__STORED DATA__:
● ● ● ● ● ● ●

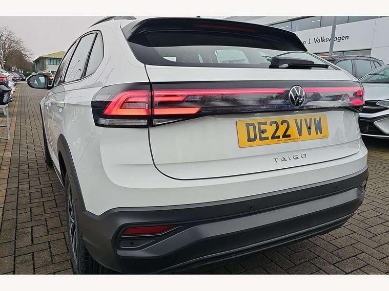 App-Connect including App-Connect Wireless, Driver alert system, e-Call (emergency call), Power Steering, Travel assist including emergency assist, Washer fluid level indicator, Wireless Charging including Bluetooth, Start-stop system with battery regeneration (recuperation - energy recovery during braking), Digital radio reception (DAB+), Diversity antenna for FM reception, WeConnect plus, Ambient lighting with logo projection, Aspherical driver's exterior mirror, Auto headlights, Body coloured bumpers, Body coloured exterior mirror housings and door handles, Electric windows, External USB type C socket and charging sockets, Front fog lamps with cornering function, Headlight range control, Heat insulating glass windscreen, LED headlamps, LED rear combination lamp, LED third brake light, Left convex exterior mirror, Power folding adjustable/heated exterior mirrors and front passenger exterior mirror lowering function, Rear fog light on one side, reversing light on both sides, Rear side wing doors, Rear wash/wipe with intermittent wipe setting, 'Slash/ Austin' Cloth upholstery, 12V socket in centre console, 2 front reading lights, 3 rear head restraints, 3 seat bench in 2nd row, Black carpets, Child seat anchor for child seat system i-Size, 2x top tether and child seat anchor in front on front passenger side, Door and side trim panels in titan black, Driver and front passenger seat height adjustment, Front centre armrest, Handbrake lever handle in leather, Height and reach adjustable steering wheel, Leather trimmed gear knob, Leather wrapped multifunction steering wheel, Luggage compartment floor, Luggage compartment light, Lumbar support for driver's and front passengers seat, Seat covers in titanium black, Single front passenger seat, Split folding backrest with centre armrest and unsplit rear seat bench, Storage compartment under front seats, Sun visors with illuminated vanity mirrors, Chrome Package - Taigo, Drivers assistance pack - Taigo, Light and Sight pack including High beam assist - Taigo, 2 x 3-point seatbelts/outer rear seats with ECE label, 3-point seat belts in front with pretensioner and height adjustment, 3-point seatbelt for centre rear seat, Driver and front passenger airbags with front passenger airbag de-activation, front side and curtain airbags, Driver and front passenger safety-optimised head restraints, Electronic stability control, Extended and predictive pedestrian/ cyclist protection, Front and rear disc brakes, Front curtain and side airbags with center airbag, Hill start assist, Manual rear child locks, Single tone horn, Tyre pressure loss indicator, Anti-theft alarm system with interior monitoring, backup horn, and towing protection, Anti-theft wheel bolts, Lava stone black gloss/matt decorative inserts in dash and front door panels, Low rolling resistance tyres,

● ● ● ● ● ● ●

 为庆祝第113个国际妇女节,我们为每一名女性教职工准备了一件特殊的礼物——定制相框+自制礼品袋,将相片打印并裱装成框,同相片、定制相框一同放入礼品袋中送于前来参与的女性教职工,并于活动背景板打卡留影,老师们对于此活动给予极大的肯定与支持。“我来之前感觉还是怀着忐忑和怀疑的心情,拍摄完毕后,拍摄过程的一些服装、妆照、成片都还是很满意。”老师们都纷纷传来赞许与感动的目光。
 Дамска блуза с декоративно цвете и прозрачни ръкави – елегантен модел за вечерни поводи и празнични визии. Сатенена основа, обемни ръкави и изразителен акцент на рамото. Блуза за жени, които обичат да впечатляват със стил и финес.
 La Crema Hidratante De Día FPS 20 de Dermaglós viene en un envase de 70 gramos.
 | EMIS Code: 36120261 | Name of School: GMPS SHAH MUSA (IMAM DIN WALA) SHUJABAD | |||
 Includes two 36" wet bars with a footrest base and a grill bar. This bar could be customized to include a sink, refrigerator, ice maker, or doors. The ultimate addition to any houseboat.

● ● ● ● ● ● ●

__WORK REQUEST__:
Copy out the range of lines above starting at the line with "SHUJABAD | |||" and ending at the line with "to any houseboat.", exactly and including both.

__RESPONSE BELOW__:
 | EMIS Code: 36120261 | Name of School: GMPS SHAH MUSA (IMAM DIN WALA) SHUJABAD | |||
 Includes two 36" wet bars with a footrest base and a grill bar. This bar could be customized to include a sink, refrigerator, ice maker, or doors. The ultimate addition to any houseboat.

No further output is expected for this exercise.